Your goal:
Retype every entry word for word. Omit the pictures.

Listed records:

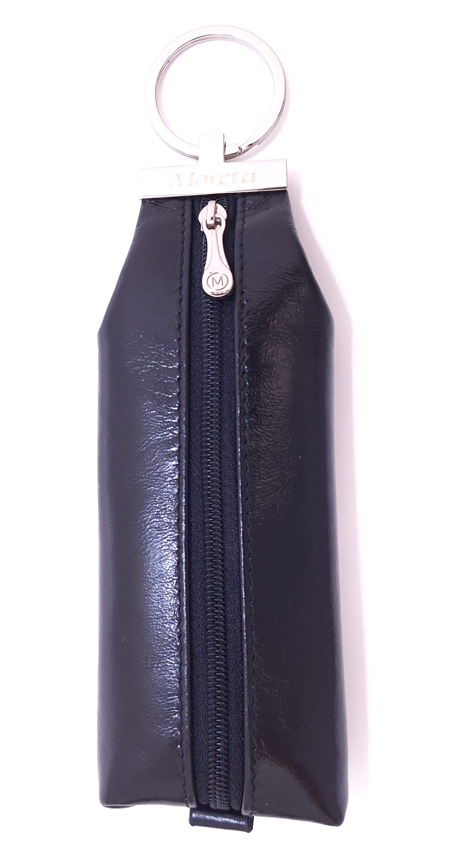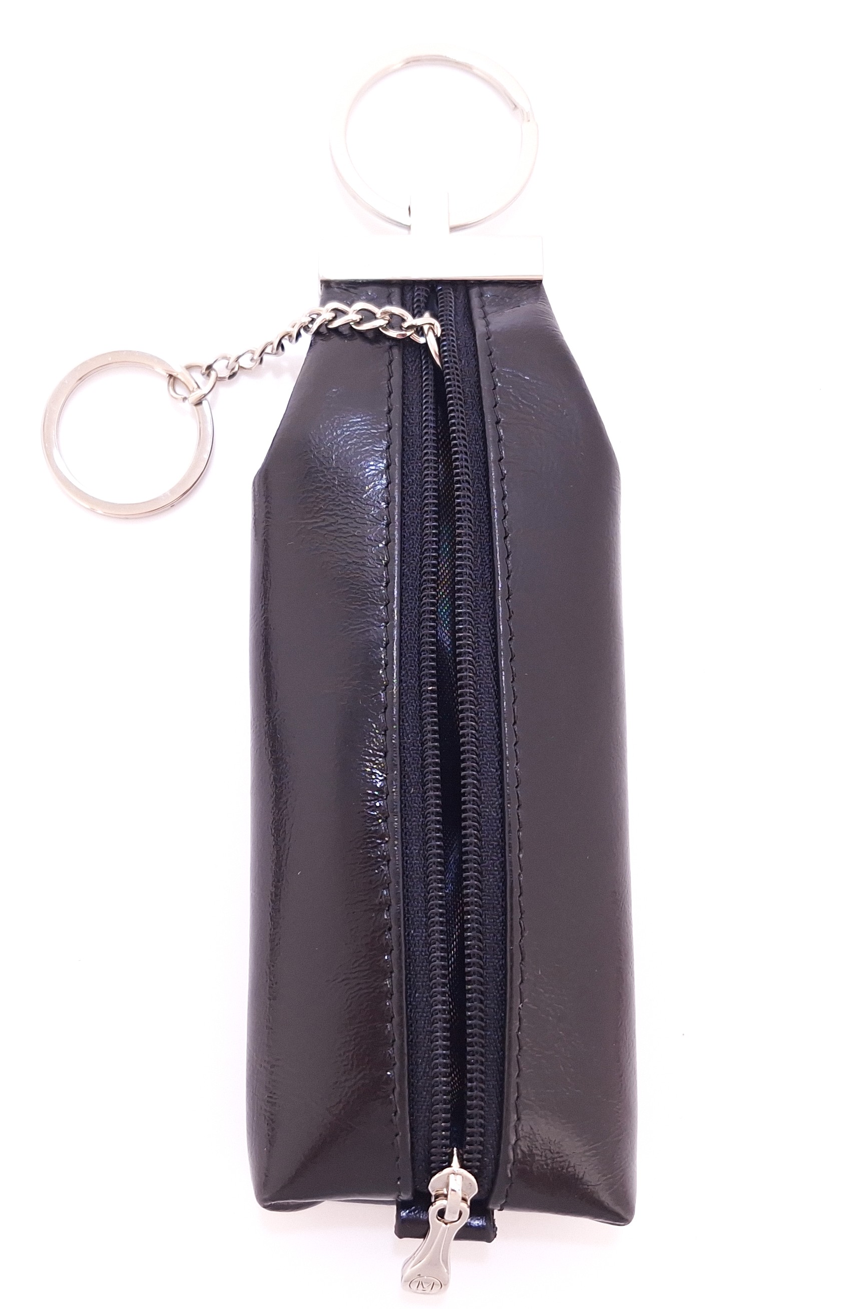 Szykowne etui na klucze marki Angela Moretti wykonane z naturalnej czarnej skóry o błyszczącym wykończeniu. Zamykane na solidny suwak, wnętrze etui zostało starannie wyściełane podszewką, która chroni zawartość przed zarysowaniami. W środku znajduje się łańcuszek z metalowym kółkiem na klucze, który utrzymuje je w jednym miejscu i ułatwia organizację. Na zewnątrz znajduje się praktyczne kółko na brelok, które umożliwia przypięcie do torebki, plecaka lub spodni
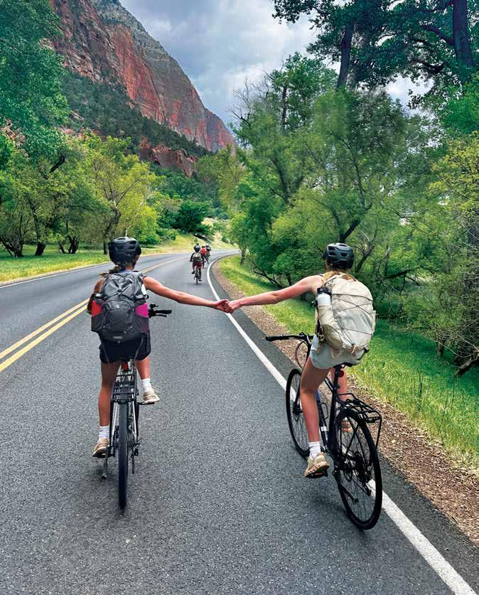 Reaching a grand lookout on their Southwest trip, members of the Class of 2019 take a break during their mountain biking journey to enjoy the vista.
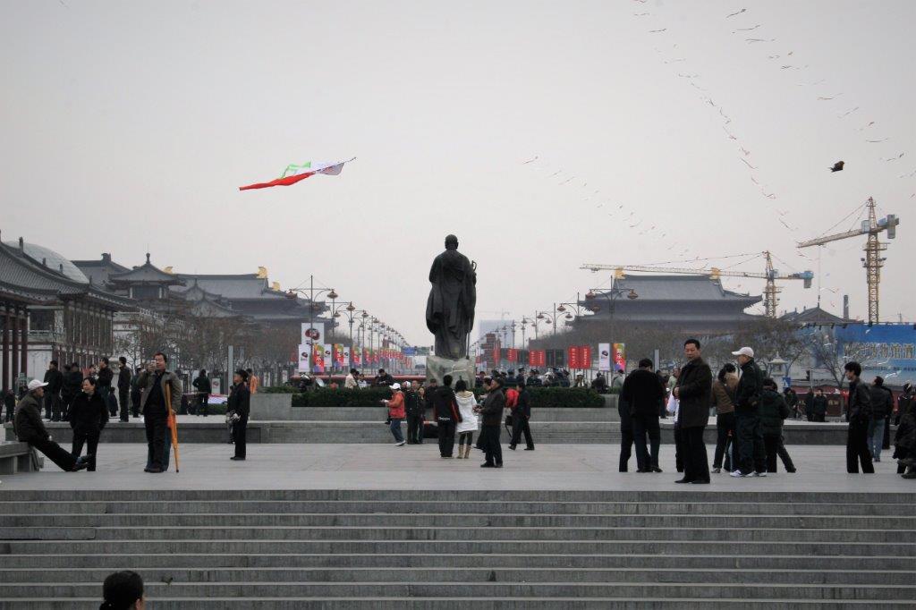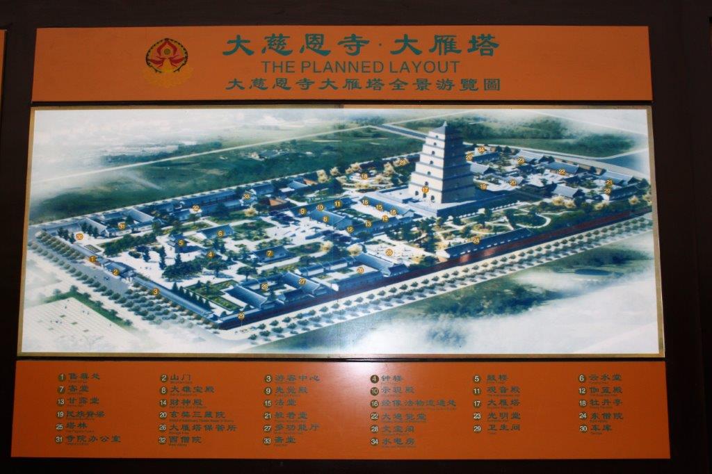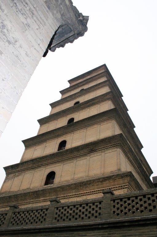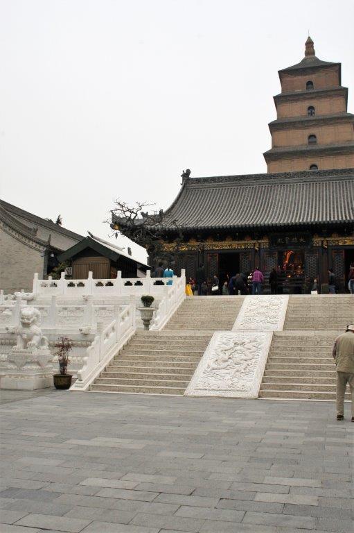After our shopping time we went to the Big Wild Goose Pagoda temple that was built in 652 AD to house the Buddhist scriptures brought back from India by a traveling monk. The original three-story structure collapsed 50 years later and was rebuilt five stories high. An additional five stories were added in 701-704. An earthquake in 1556 reduced it by three stories to the 7 levels it is today. It is the central building of a large complex that is still in use. There are 13 yards and 1897 rooms. It was the most famous temple in the city during the Tang Dynasty and is a protected historical site.
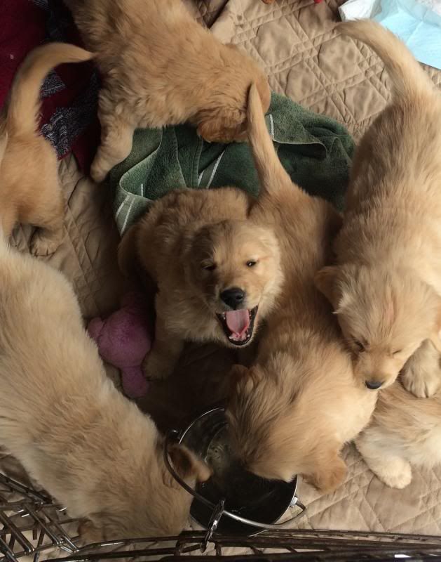 Unfortunately, we were not able to make it to the puppy party. I was pretty bummed about it, but J had to work. The puppies all went through a temperament test to make sure that they were matched to the best families. Fortunately, plenty of people posted pictures to the Facebook group for me. J emailed Barb to tell her that we were so sad that we couldn't make it, and she told us that the perfect boy for us will be Mr. Blue!! The two other families who will be getting boys are older than us, so Barb wanted them to have two more mellow puppies. Our boy was the most energetic, but she also said that he was incredibly attentive and biddable. Sounds like a perfect match to me!
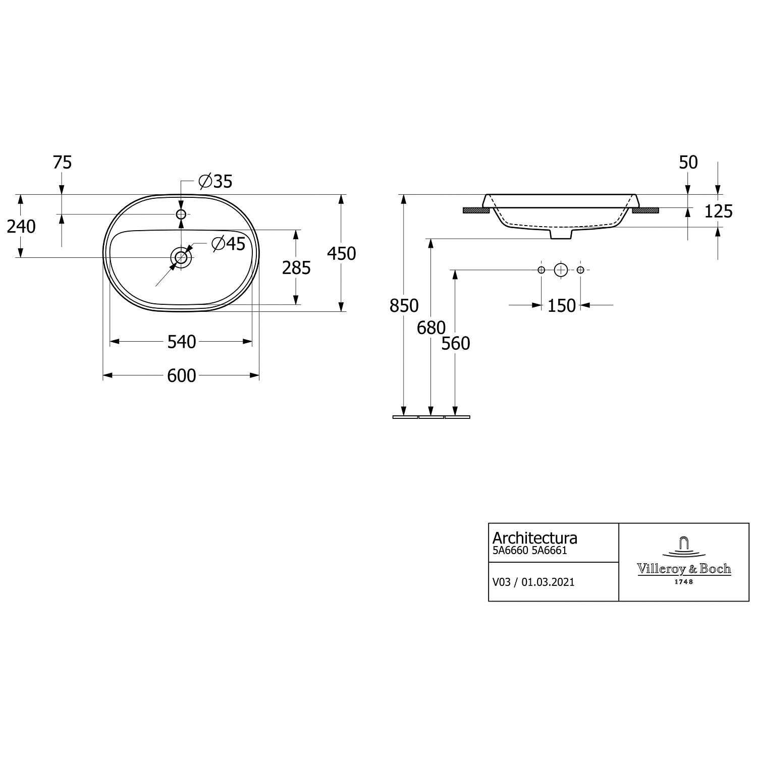Villeroy & Boch Architectura Einbauwaschbecken 60 x 45 x 17 cm, oval, ohne Überlauf, ungeschliffen
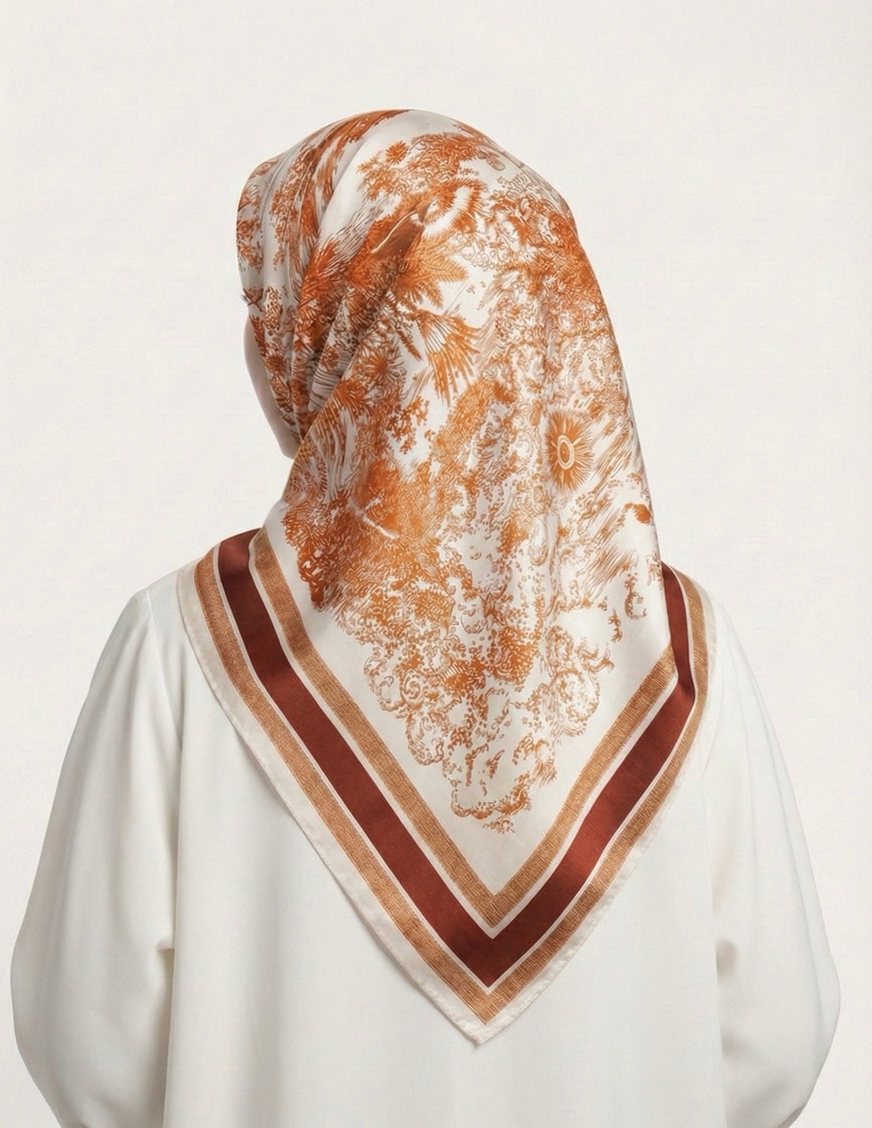 Square Hijab Silk - Forest Orange
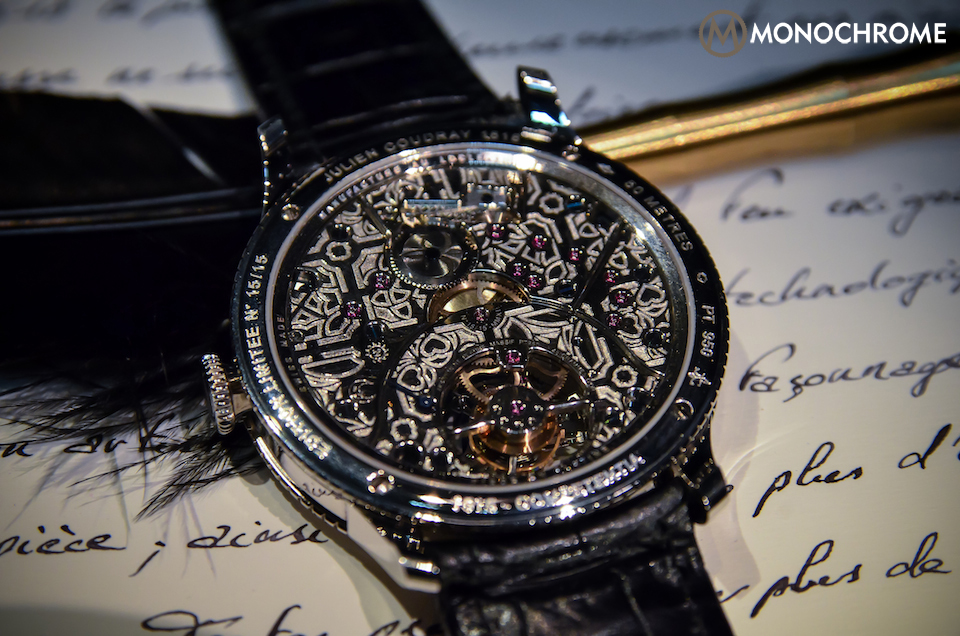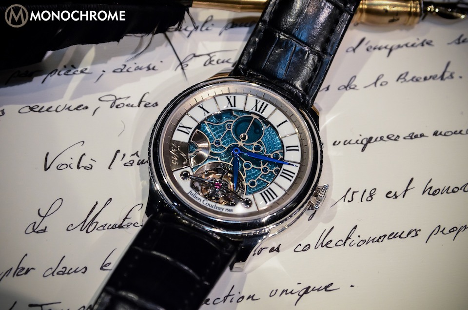 The name Julien Coudray 1518 is a tribute to a French watchmaker (Julien Coudray) who, in 1518, had been the first to create “portable” watch movements, integrated into the handle of daggers. The approach of the brand is to recreate the idea, the way of manufacturing, not to actually reproduce Coudray’s models from the 16th Century. In those days, watchmakers had to invent processes, tools and unique skills. Fabien Lamarche wants to continue in that path.
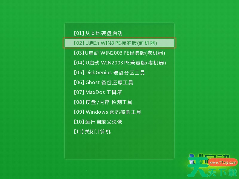 1.进入到u启动主菜单页面,接着移动光标选择“【02】u启动WIN8 PE标准版(新机器)”,按回车键确认,如下图所示:
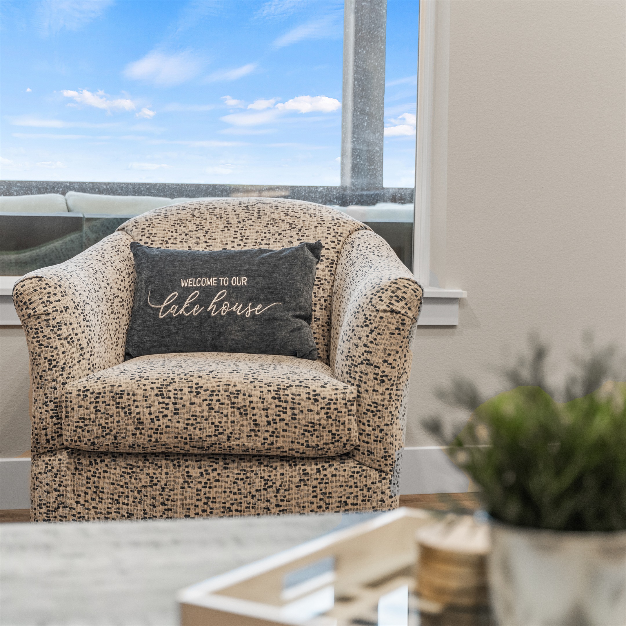 Step onto the upper-level deck and take in the lake breeze and sweeping views. This inviting outdoor space features a fireplace, TV, generous seating, and a table for six—ideal for relaxing evenings. (The charcoal grill is located at the front of the property, just to the right.) On the lower-level deck, you’ll find even more ways to unwind, including a seven-person hot tub, a convertible shuffleboard/dining table for eight, corn hole game and picturesque sunset views framed by the surrounding trees.

Task result:
 Szykowne etui na klucze marki Angela Moretti wykonane z naturalnej czarnej skóry o błyszczącym wykończeniu. Zamykane na solidny suwak, wnętrze etui zostało starannie wyściełane podszewką, która chroni zawartość przed zarysowaniami. W środku znajduje się łańcuszek z metalowym kółkiem na klucze, który utrzymuje je w jednym miejscu i ułatwia organizację. Na zewnątrz znajduje się praktyczne kółko na brelok, które umożliwia przypięcie do torebki, plecaka lub spodni
 Reaching a grand lookout on their Southwest trip, members of the Class of 2019 take a break during their mountain biking journey to enjoy the vista.
After our shopping time we went to the Big Wild Goose Pagoda temple that was built in 652 AD to house the Buddhist scriptures brought back from India by a traveling monk. The original three-story structure collapsed 50 years later and was rebuilt five stories high. An additional five stories were added in 701-704. An earthquake in 1556 reduced it by three stories to the 7 levels it is today. It is the central building of a large complex that is still in use. There are 13 yards and 1897 rooms. It was the most famous temple in the city during the Tang Dynasty and is a protected historical site.
 Unfortunately, we were not able to make it to the puppy party. I was pretty bummed about it, but J had to work. The puppies all went through a temperament test to make sure that they were matched to the best families. Fortunately, plenty of people posted pictures to the Facebook group for me. J emailed Barb to tell her that we were so sad that we couldn't make it, and she told us that the perfect boy for us will be Mr. Blue!! The two other families who will be getting boys are older than us, so Barb wanted them to have two more mellow puppies. Our boy was the most energetic, but she also said that he was incredibly attentive and biddable. Sounds like a perfect match to me!
Villeroy & Boch Architectura Einbauwaschbecken 60 x 45 x 17 cm, oval, ohne Überlauf, ungeschliffen
 Square Hijab Silk - Forest Orange
 The name Julien Coudray 1518 is a tribute to a French watchmaker (Julien Coudray) who, in 1518, had been the first to create “portable” watch movements, integrated into the handle of daggers. The approach of the brand is to recreate the idea, the way of manufacturing, not to actually reproduce Coudray’s models from the 16th Century. In those days, watchmakers had to invent processes, tools and unique skills. Fabien Lamarche wants to continue in that path.
 1.进入到u启动主菜单页面,接着移动光标选择“【02】u启动WIN8 PE标准版(新机器)”,按回车键确认,如下图所示:
 Step onto the upper-level deck and take in the lake breeze and sweeping views. This inviting outdoor space features a fireplace, TV, generous seating, and a table for six—ideal for relaxing evenings. (The charcoal grill is located at the front of the property, just to the right.) On the lower-level deck, you’ll find even more ways to unwind, including a seven-person hot tub, a convertible shuffleboard/dining table for eight, corn hole game and picturesque sunset views framed by the surrounding trees.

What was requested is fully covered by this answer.